> [Extracted information]
==================================================

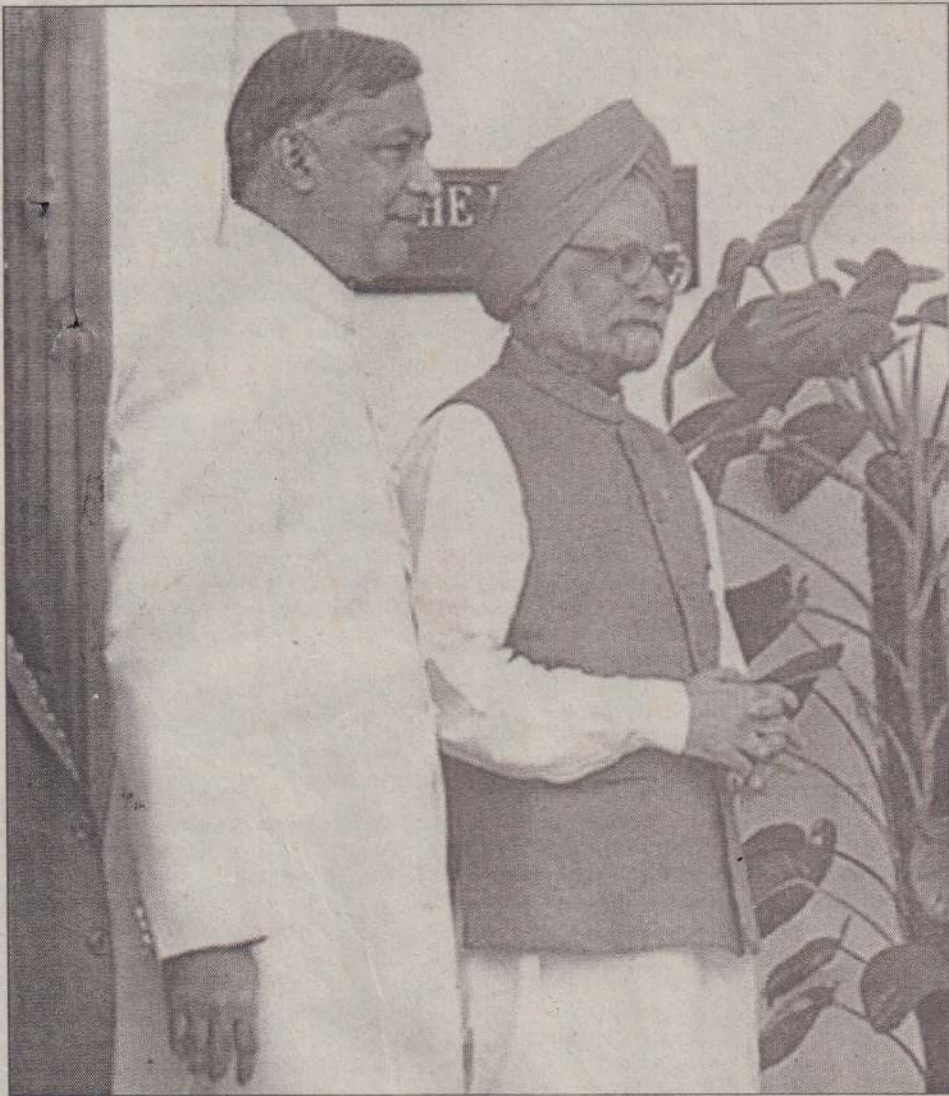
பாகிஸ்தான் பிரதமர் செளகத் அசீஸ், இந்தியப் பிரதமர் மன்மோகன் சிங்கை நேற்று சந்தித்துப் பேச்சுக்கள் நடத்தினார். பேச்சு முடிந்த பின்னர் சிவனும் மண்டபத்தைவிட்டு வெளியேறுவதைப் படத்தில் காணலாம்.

==================================================

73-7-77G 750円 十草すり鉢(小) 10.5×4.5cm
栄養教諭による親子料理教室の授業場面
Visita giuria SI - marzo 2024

==================================================

Could you set down, word for word, only the lines above from the line with "73-7-77G 750円 十草すり鉢(小) 10.5×4.5cm" to the line with "Visita giuria SI - marzo 2024", including both?

73-7-77G 750円 十草すり鉢(小) 10.5×4.5cm
栄養教諭による親子料理教室の授業場面
Visita giuria SI - marzo 2024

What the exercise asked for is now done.